:: TASK TO COMPLETE ::
The required output is the stretch from the line containing "Đề tài Marketing" through the line containing "(二)依申請公開依法規範。暢" in the records below, unaltered and with no pictures.

:: SOURCE MATERIAL ::

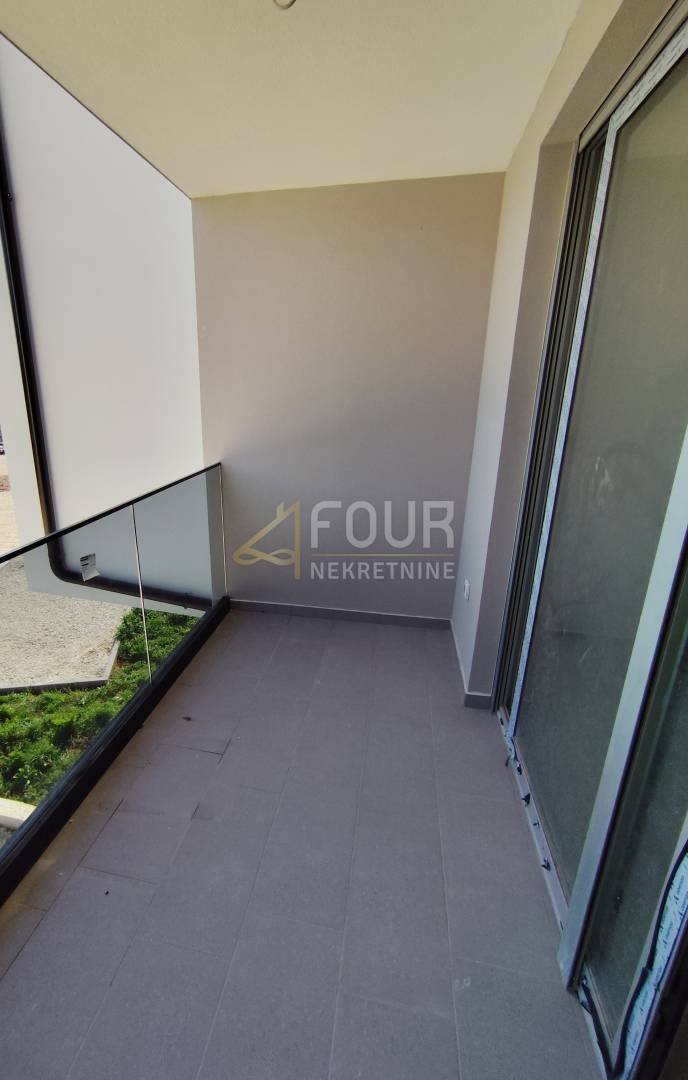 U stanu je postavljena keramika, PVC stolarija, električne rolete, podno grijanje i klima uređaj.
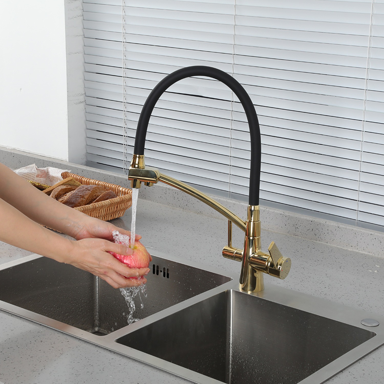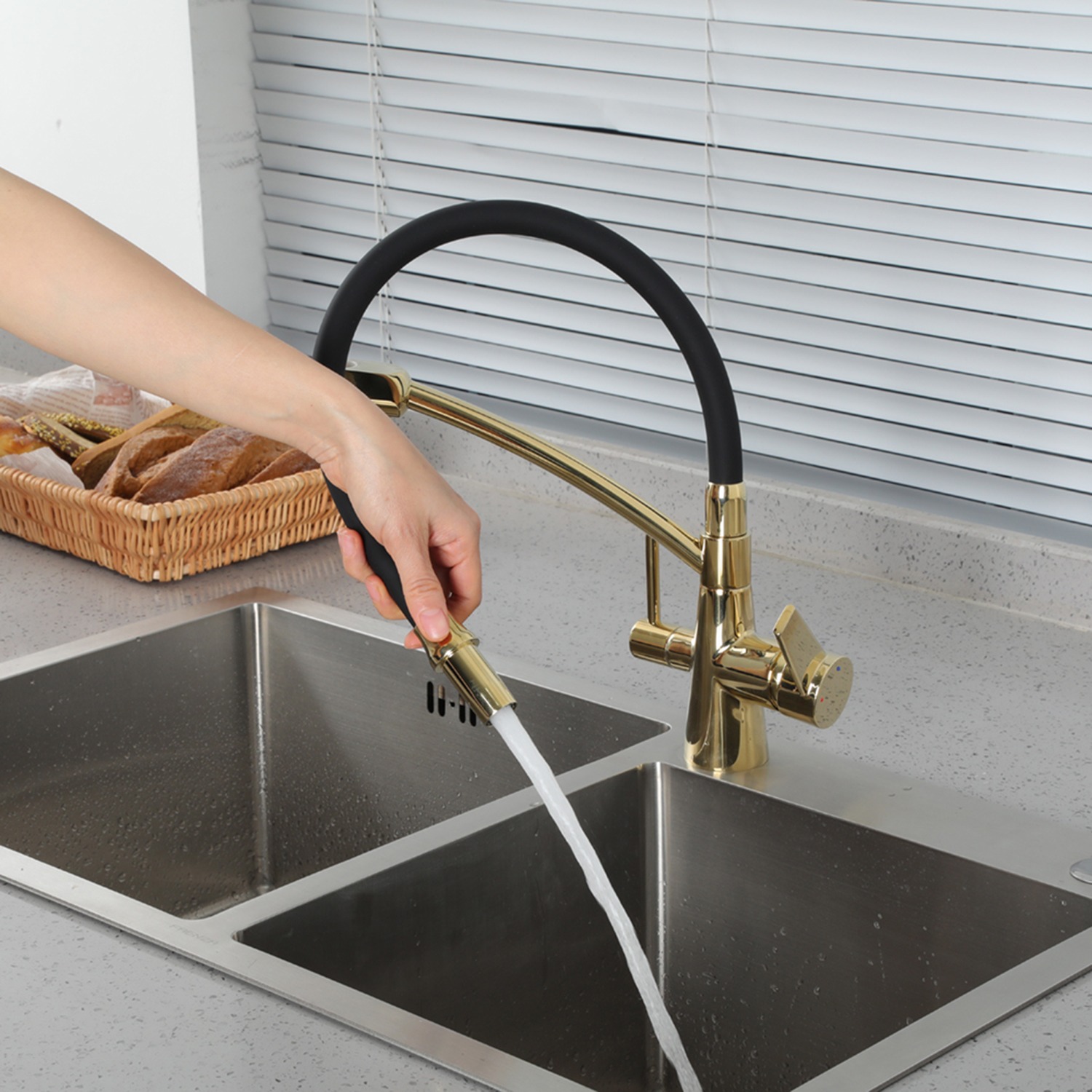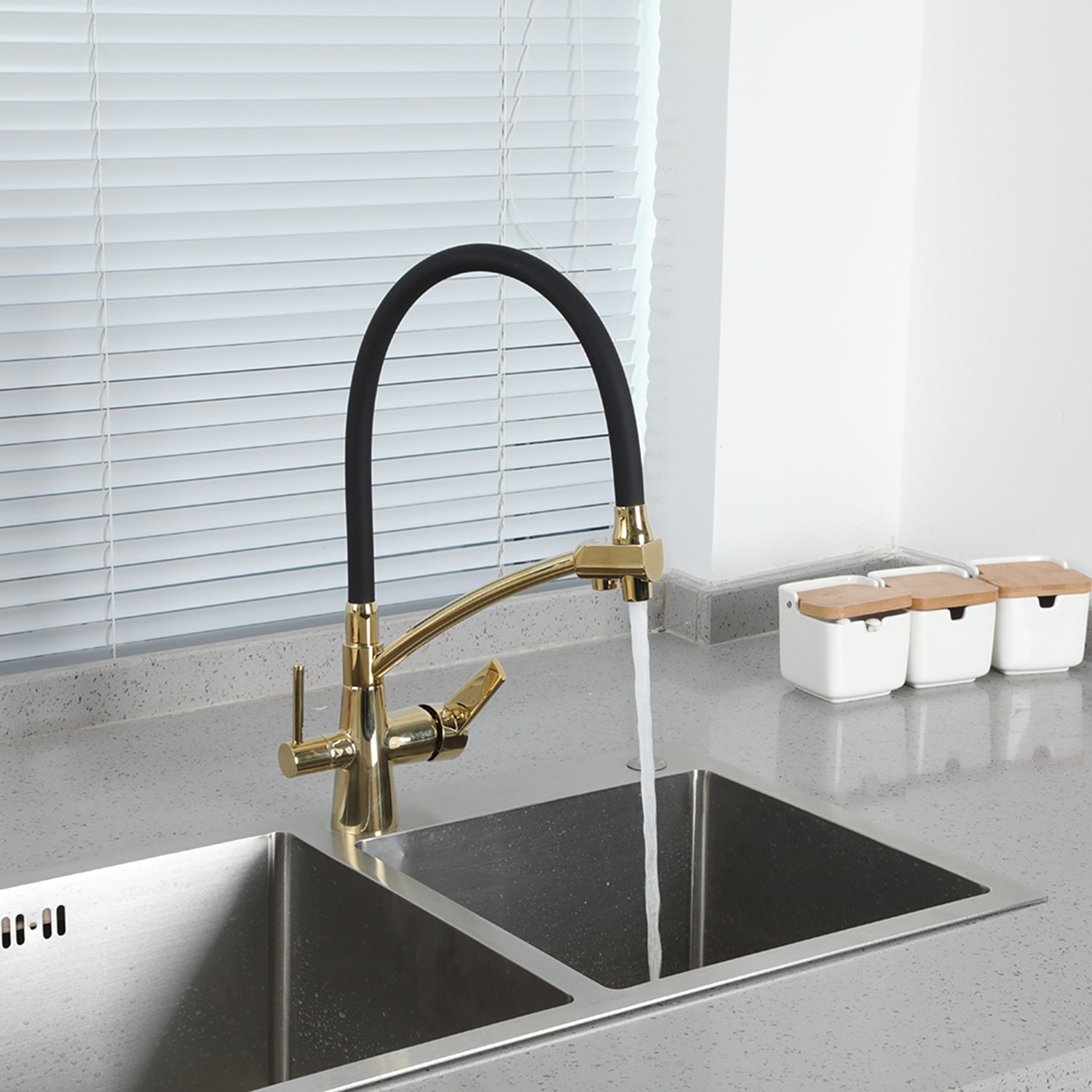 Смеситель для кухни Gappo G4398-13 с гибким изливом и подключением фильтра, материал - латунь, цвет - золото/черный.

==

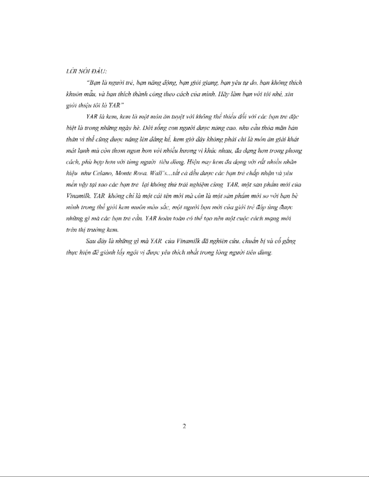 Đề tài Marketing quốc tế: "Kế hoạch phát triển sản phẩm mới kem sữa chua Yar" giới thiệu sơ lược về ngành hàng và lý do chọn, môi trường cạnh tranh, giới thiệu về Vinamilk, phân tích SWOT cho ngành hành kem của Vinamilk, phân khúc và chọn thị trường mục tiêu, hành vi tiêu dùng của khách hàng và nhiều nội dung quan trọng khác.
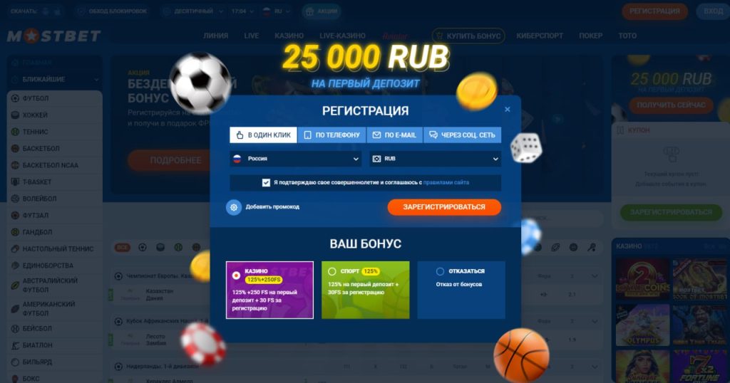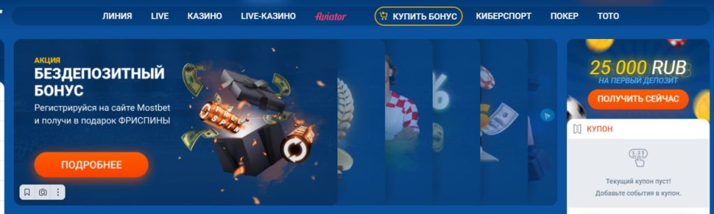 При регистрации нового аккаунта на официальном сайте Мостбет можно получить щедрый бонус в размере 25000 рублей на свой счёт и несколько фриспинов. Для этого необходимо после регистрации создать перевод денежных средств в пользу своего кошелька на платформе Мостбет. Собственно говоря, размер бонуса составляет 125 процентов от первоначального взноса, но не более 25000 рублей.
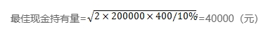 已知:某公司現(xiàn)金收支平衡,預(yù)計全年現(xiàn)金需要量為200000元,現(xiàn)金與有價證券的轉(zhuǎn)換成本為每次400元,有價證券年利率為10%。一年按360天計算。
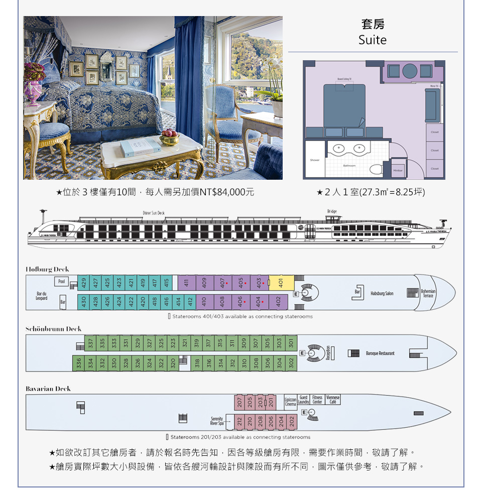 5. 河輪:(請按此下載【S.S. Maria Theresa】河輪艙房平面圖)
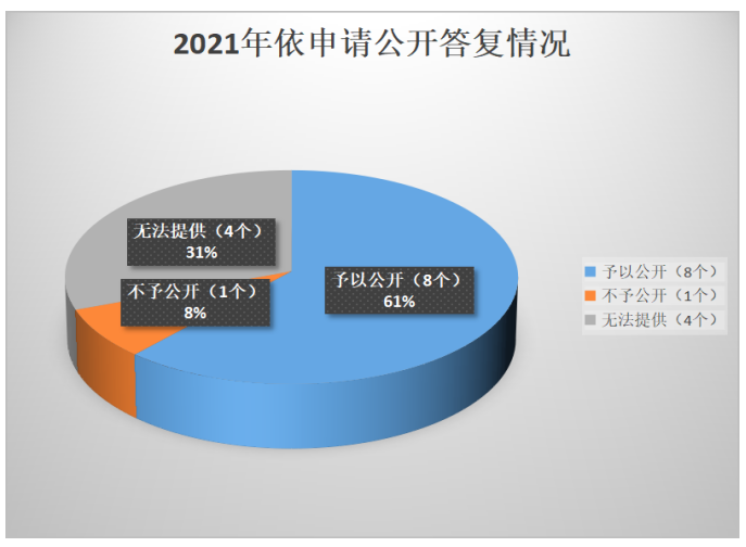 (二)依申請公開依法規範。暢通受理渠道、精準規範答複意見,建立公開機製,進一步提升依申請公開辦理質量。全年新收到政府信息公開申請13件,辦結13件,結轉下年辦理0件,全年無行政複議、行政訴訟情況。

:: TASK ANSWER ::
 Đề tài Marketing quốc tế: "Kế hoạch phát triển sản phẩm mới kem sữa chua Yar" giới thiệu sơ lược về ngành hàng và lý do chọn, môi trường cạnh tranh, giới thiệu về Vinamilk, phân tích SWOT cho ngành hành kem của Vinamilk, phân khúc và chọn thị trường mục tiêu, hành vi tiêu dùng của khách hàng và nhiều nội dung quan trọng khác.
 При регистрации нового аккаунта на официальном сайте Мостбет можно получить щедрый бонус в размере 25000 рублей на свой счёт и несколько фриспинов. Для этого необходимо после регистрации создать перевод денежных средств в пользу своего кошелька на платформе Мостбет. Собственно говоря, размер бонуса составляет 125 процентов от первоначального взноса, но не более 25000 рублей.
 已知:某公司現(xiàn)金收支平衡,預(yù)計全年現(xiàn)金需要量為200000元,現(xiàn)金與有價證券的轉(zhuǎn)換成本為每次400元,有價證券年利率為10%。一年按360天計算。
 5. 河輪:(請按此下載【S.S. Maria Theresa】河輪艙房平面圖)
 (二)依申請公開依法規範。暢通受理渠道、精準規範答複意見,建立公開機製,進一步提升依申請公開辦理質量。全年新收到政府信息公開申請13件,辦結13件,結轉下年辦理0件,全年無行政複議、行政訴訟情況。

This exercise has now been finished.